Optimization happens inside the mind (map), not in the world (territory). Reflecting about this made me noticeably less confused about how powerful AI agents capable of model-based planning and self-modification will act.
My model of future AI
An AI that is a powerful optimizer will probably do some kind of model-based planning. It will search on its world-model for more powerful actions or moves.
Because the real-world is very complicated, the real state and decision spaces will now be known. Instead, the AI will probably create a generative modelG that contain states and actions at different levels of abstraction, and that can sample states and rewards s′,r←G(s,a).
It may have a strong intuition, or generative policy network p(s), that can be sampled as a generative model of its own actions.
But it will probably also have an amplification algorithm leading to a more powerful search policy π(s). Similar to AlphaGo, which runs a MCTS algorithm using its neural network policy and the transition probabilities for the game to generate a distribution of stronger moves, a powerful AI may also run some kind of search algorithm using its generative policy network p and its generative world-model G to come up with stronger actions, represented by its search policy π(s).
Powerful search with a perfect world-model
The search algorithm is what lets the AI think for longer, getting potentially more expected rewards the more compute power it uses. It is also a potential source of self-improvement for the intuition policy p, which can be self-trained to maximize similarity to π.
If we assume that the generative world-model G contains a perfect abstraction and simulation of the world, then this search process is going to optimize the world itself, and if G happens to return r based on how many more paperclips are in s′ compared to s, then the AI agent, with a powerful enough search algorithm and with enough computing power, will kill everyone and turn the entire light-cone into paperclips.
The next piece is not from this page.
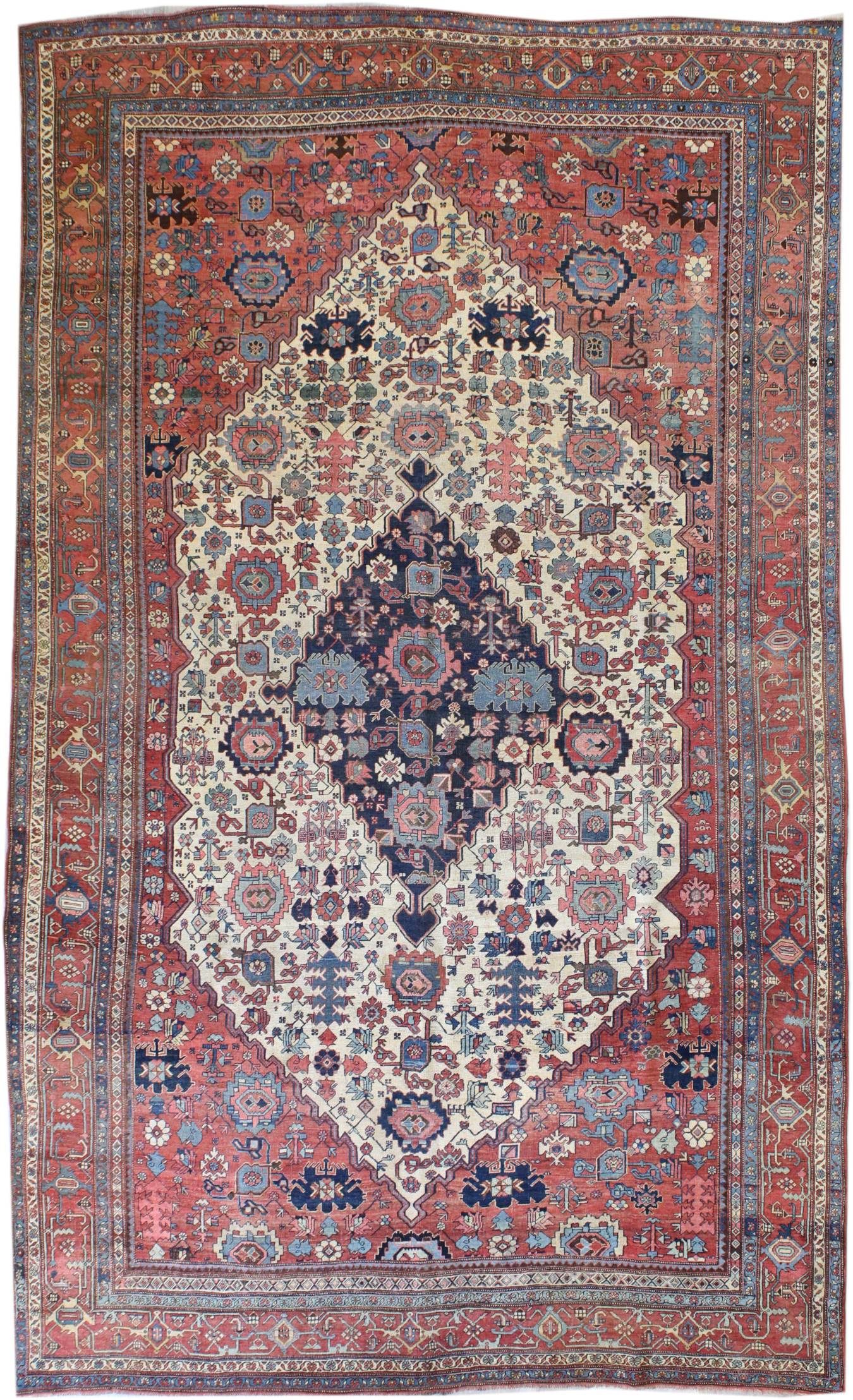 The rug's design prominently features a rich tribal motif set against an ivory background. The central medallion is a striking dark blue, elaborately detailed with lighter blue and red accents. It serves as the focal point, drawing attention to the intricate artistry skillfully woven into the fabric. Surrounding the medallion, the design incorporates a complex array of geometric shapes and floral motifs, traditional elements common to Bijar rugs.

However, the abstractions may be inadequate, and under given abstractions the predicted rewards and world-model transitions from G may be quite distinct from the real reward and state transitions, and for a given G this is more likely to happen in practice the stronger the search is.
Search under imperfect world-models
When watching strong computer engines play chess against each other, one thing that you sometimes see is both engines estimating a small advantage to themselves.
This makes sense, as engine A is trying to push to a state s where Va(s) is high, engine B is trying to get to a state where Vb(s) is high, and the value estimates Va and Vb are not perfect inverses of each other. Even if Va(x)=−Vb(x) for most x, the game dynamic is likely to push the world precisely into the special states s where the estimates disagree the most.
I expect this effect to be even stronger when you have two agents competing against each other in the real world, when they have different generative world-models that predict different state transitions.
I expect a somewhat similar effect when a single agent is trying to solve a difficult problem in the real-world. If it does a deep search using its own world-model looking for solutions, it may find not a solution that works in the real-world, but a solution that “works” exclusively in the world-model instead.
Of course, this is not an insurmountable problem for the agent. It can try to make its generative model more robust, making it “aware” of the search, so that it can try to account for the expected adverse selection and overfitting caused by different kinds of search in different circumstances. The generative model G can include the agent itself and its own search algorithms, such that the search decisions are included as part of the actions.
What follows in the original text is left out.